A door opened on the prisoners' side of the glass. Orange coveralls were escorted in by muscular guards. All were wearing a 4 piece. The third prisoner, a man of medium height and build with tired cobalt blue eyes in a refined chiseled face, took a seat across from Shultz.
It was a once handsome face that was now drained and haggard; the jaw covered in a light stubble; the blond hair on his head long and unruly. Shultz stared at the hands resting on the shelf across from him. They were long and slender, the hands of an artist.
In his thirty some years of lawyering, Shultz had known all the various criminal low lifes. You couldn't always tell what a man was from his looks. Monstrous looking men could be choirboys, and fair-haired choirboys could be monsters. The greenish-blue eyes of Ben None held something of the latter. It was subtle, but Shultz had seen it before. Something dark behind the light. An indefinable quality that proclaimed this is a man you don't fuck with. It would be missed by most people, but Shultz had seen it before. It belonged to those who had not joined the human race. Those who would never follow any will but their own.
Shultz rubbed his nose, then picked up the phone. It is easy to decide who is insane in the loony sense. They don't matter. But those who are different from us, those who do not believe as we do, they are the really dangerous ones. Dangerous because they are not insane.
"Ben None?"
The weary head nodded. His expression unexpectant.
"I'm Bud Schultz, an attorney. I've been appointed to tell you that you will be coming up for a parole hearing in two weeks."
None's eyes lowered for a moment, then he looked up, the face coldly somber, immutable. "How's that? I haven't served even a third of my sentence."
"Doesn't matter. Somebody with a lot of pull wants you out. It's all being arranged . . . anonymously. I don't even know who." Shultz took an envelope from the inside pocket of his coat and waved it at the guard stationed nearby. Then looked back at None. "He'll make you a photo copy of the papers inside. I'm told people sometimes lace paper with acid." He sighed. "Any how, the answers to the questions they'll ask you at the hearing are in here. Memorize them. Any questions?"
"Should I tell them I've found Jesus?"
Shultz stood up and buttoned his coat. "Oh, do. They love that."
~2~
There was a widescreen TV on the wall with a camera on top. On either side were some kind of four foot tall plastic jungle-like plants with large drooping leaves. Facing the screen was a metal folding chair. None hobbled into the hearing room hindered by a 4-piece: handcuffs, waist chains and leg irons followed by two hefty guards and the Case Commissioner.
He sat down in the chair.
The screen was on showing the state seal. Fifteen minutes late the screen fluttered revealing a man and a woman, roughly in their thirties, sitting behind a polished wood table. The man had a meaty, milk-fed face and wore gold framed glasses. Bald on top, hair combed over. The woman also wore gold-framed glasses fitted to a long schnoz. The mouth was small, the lips thin, the chin pointed. The faces of both had the prim constipated expression of the highly moral.

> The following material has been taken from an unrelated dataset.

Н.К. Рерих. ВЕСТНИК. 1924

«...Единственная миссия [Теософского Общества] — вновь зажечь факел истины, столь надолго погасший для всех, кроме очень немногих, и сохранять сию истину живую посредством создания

The man placed his hands together on top of the table next to a manila file and smiled perfunctorily. "Hello, Ben. I'm Jim Biglow and my associate is Mary Davenport. We are your Hearing Examiners on the staff of the Parole Commission. What we decide based on your testimony will determine whether or not you will be granted parole."
He paused to withdraw some papers from the file.

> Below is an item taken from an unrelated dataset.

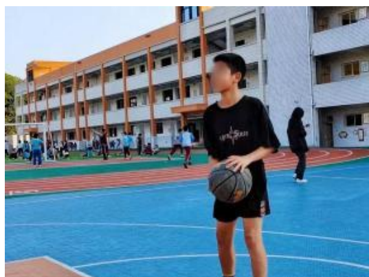
左图：四川自贡项目校体育活动

10月，四川自贡、云南昆明、河北定州等地区共【17】所项目校开展日常体育活动。各项目校的孩子们在丰富多彩的体育活动中锻炼了身体，同时也培养了团队意识和竞争精神，在比赛中相互学习、相互激励，形成了良好的校园体育氛围。

"Ben, according to our records you claimed justifiable homicide at your trial in the deaths of three men in a bar room altercation. Is that still your contention?"

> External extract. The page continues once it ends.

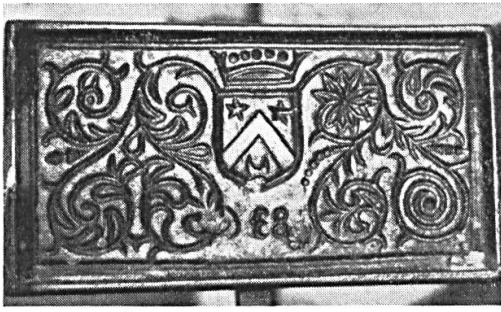
Fig. 7. Indéterminé, 1638 ?

Deux écus ovales accolés par leur sommet, le premier portant de... au chevron de..., accompagné en chef de deux étoiles de... et en pointe d'un croissant de...; le second portant de... à la croix pattée alésée de... Timbre : un casque fermé posé de profil avec ses lambrequins entourant les deux écus. Cimier : une aigle éployée de... Sous les écus la date 1699.

"No, sir, Mr. Biglow, sir. It certainly isn't. I was a young hot head who couldn't control his temper. I have had many sobering years to reflect on my misdeed and can only express my greatest heartfelt sorrow for what I did. I can only stress that I am no longer that young foolish hot head. I have matured and in my maturity acquired wisdom and patience. As the good book says, 'A fool gives full vent to his anger, but a wise man keeps himself under control."